- Work instructions:
Once the line holding "Heavy-duty knives are" is found in the entries below, transcribe exactly every line up to and including the one holding "IICD students exploring", but leave out the pictures.

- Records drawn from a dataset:
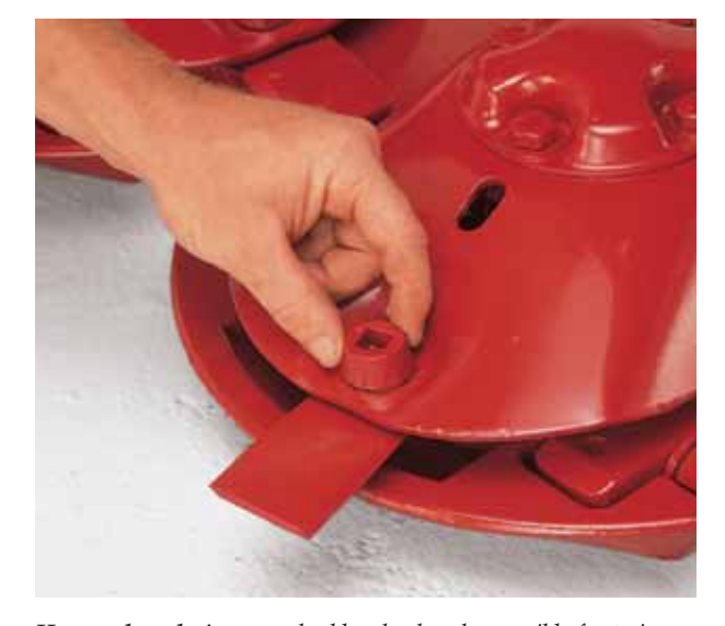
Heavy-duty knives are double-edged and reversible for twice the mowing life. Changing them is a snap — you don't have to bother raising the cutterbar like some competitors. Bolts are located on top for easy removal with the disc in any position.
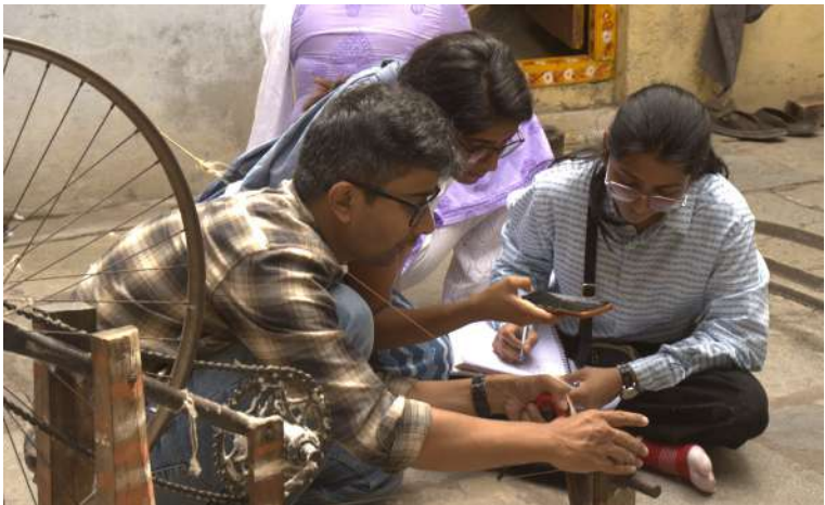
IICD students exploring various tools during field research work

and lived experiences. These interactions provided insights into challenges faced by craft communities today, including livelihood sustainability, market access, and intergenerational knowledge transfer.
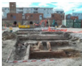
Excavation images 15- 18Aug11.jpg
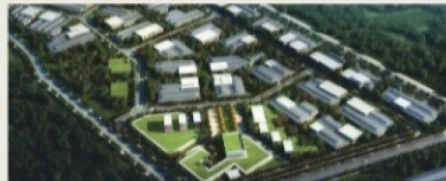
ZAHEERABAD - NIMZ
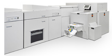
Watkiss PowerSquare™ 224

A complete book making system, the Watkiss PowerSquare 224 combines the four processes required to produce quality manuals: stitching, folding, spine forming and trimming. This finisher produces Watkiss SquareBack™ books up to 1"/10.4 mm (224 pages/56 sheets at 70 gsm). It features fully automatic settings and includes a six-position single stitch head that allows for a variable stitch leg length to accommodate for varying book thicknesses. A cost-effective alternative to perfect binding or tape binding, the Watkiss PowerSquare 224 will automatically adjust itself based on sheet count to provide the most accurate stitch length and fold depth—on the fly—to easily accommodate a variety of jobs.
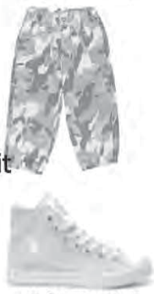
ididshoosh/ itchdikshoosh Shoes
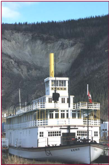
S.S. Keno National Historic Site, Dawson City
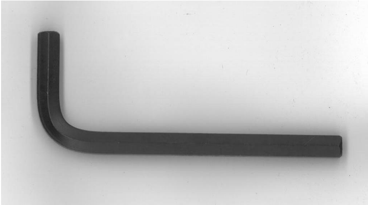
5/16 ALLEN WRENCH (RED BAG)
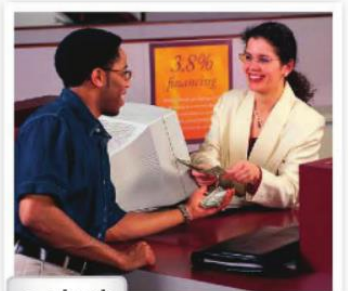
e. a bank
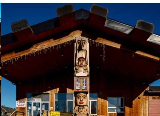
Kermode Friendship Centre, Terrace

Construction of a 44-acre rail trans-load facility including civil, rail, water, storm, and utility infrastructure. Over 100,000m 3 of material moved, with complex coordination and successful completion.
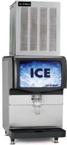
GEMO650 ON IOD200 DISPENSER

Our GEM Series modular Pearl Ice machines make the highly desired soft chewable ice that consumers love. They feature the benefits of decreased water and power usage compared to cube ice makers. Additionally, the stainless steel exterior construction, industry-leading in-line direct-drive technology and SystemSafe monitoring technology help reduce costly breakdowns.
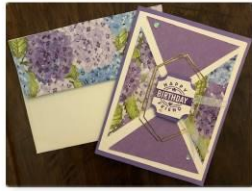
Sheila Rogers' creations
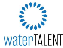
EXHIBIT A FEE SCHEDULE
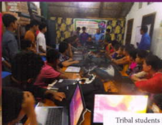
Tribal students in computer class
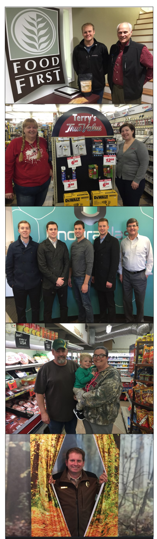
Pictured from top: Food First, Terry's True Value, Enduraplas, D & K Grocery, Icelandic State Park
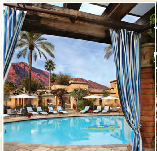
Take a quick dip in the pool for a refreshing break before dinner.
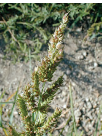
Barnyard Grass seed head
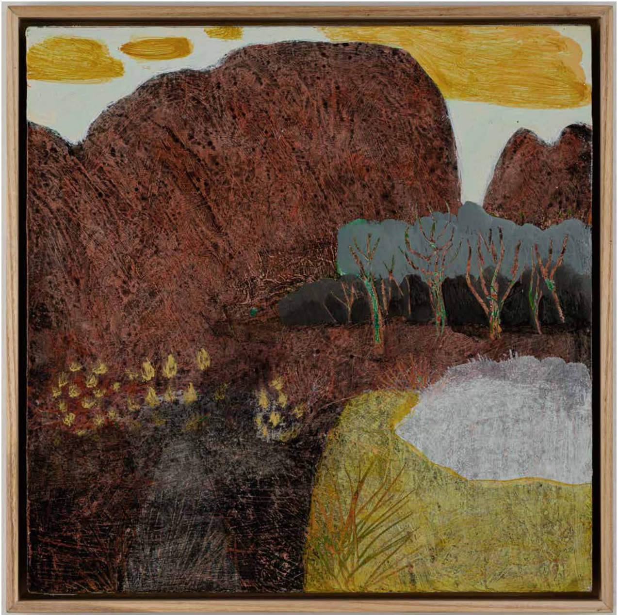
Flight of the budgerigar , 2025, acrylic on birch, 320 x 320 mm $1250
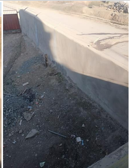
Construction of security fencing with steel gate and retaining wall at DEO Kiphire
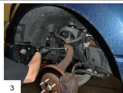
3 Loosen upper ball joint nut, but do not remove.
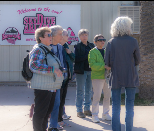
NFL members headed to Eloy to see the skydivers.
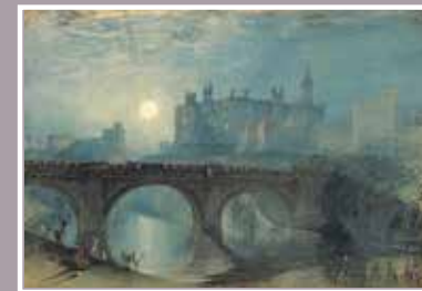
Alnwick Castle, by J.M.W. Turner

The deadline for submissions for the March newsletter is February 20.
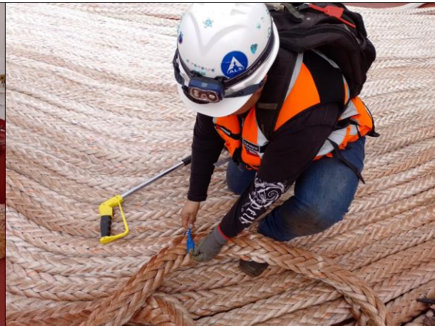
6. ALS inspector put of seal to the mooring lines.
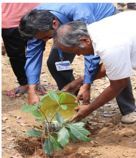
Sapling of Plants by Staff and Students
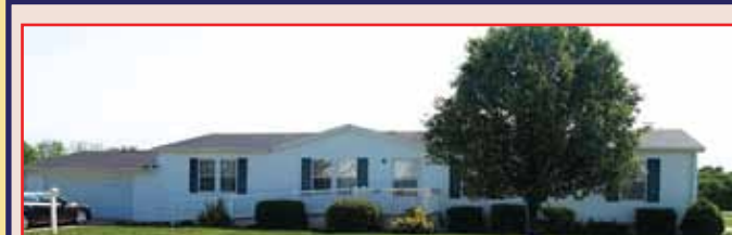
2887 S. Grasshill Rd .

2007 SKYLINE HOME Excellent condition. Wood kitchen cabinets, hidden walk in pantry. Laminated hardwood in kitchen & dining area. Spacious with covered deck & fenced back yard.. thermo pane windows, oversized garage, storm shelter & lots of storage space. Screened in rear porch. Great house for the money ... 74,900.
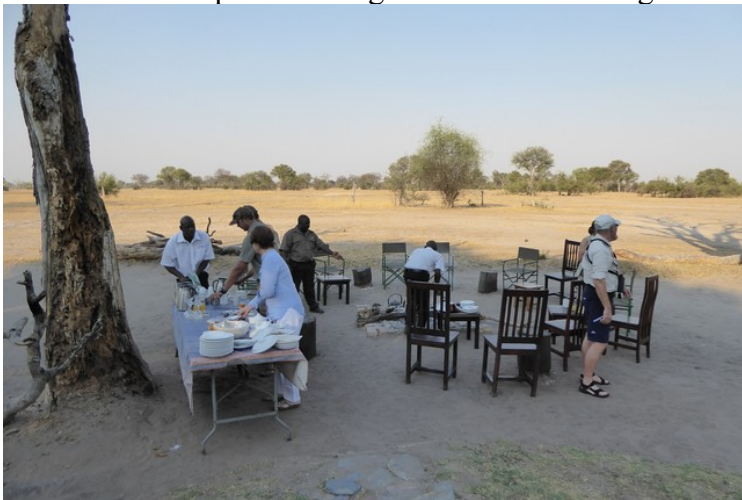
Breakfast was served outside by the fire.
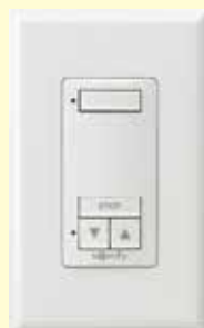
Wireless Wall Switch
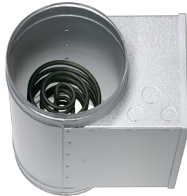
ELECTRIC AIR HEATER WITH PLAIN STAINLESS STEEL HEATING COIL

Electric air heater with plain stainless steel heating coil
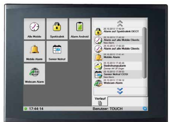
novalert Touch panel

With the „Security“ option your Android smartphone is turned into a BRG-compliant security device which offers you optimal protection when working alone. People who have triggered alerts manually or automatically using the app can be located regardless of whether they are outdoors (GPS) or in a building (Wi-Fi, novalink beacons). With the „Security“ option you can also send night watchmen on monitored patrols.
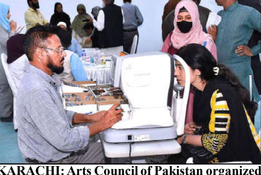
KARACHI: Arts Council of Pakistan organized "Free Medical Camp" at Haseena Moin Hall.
...
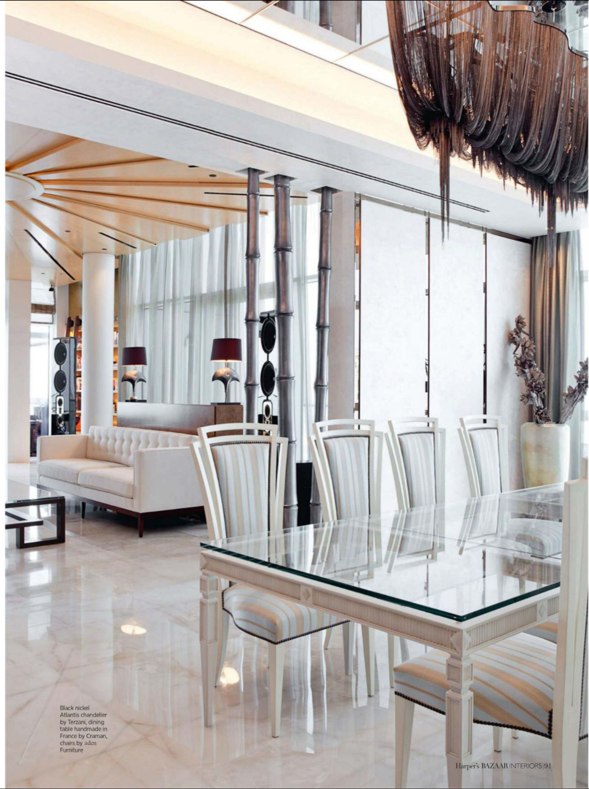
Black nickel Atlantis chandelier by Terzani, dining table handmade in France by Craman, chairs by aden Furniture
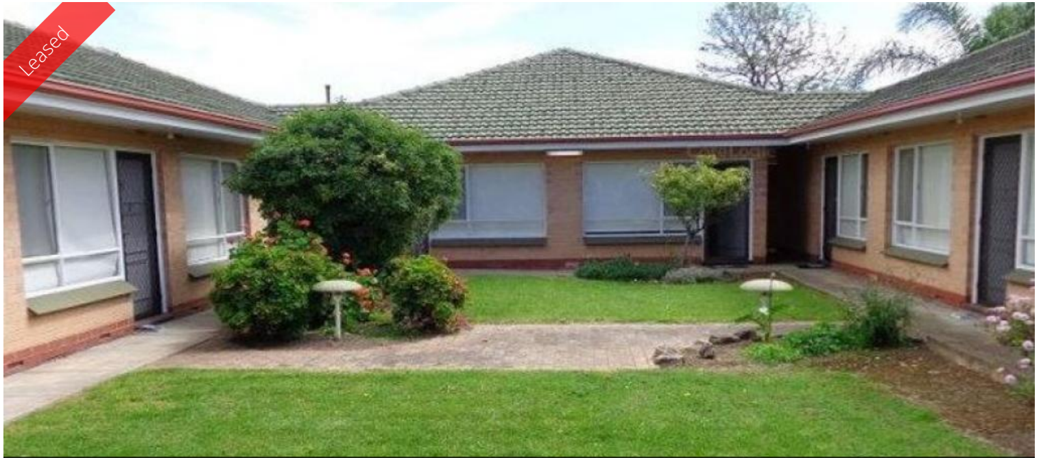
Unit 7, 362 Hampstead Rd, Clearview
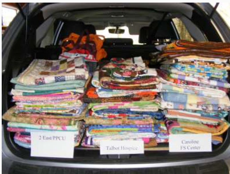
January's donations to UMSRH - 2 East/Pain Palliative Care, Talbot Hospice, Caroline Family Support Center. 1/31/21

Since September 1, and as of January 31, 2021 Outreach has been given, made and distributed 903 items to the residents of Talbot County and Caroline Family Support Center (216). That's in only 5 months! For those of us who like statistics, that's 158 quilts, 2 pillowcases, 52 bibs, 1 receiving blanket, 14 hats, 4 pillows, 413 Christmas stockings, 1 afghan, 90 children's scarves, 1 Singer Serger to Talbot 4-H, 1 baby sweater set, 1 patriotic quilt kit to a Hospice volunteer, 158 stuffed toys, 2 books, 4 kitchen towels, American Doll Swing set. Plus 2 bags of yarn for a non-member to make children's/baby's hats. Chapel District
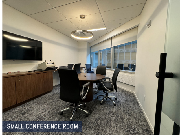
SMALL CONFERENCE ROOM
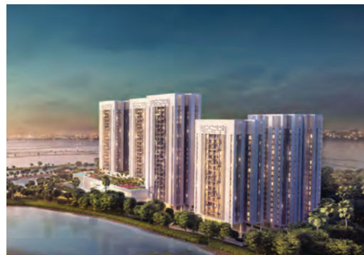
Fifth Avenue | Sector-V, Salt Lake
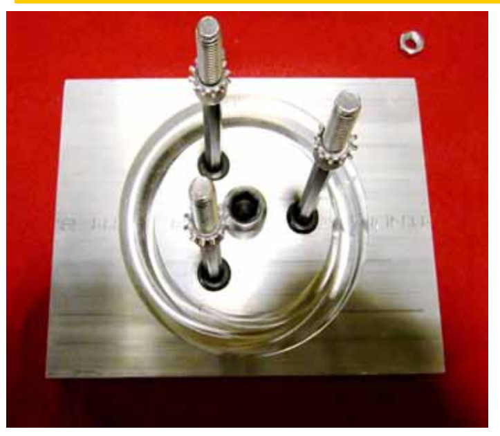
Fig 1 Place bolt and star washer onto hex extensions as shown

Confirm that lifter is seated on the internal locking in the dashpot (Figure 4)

- Answer for the task:
Heavy-duty knives are double-edged and reversible for twice the mowing life. Changing them is a snap — you don't have to bother raising the cutterbar like some competitors. Bolts are located on top for easy removal with the disc in any position.
IICD students exploring various tools during field research work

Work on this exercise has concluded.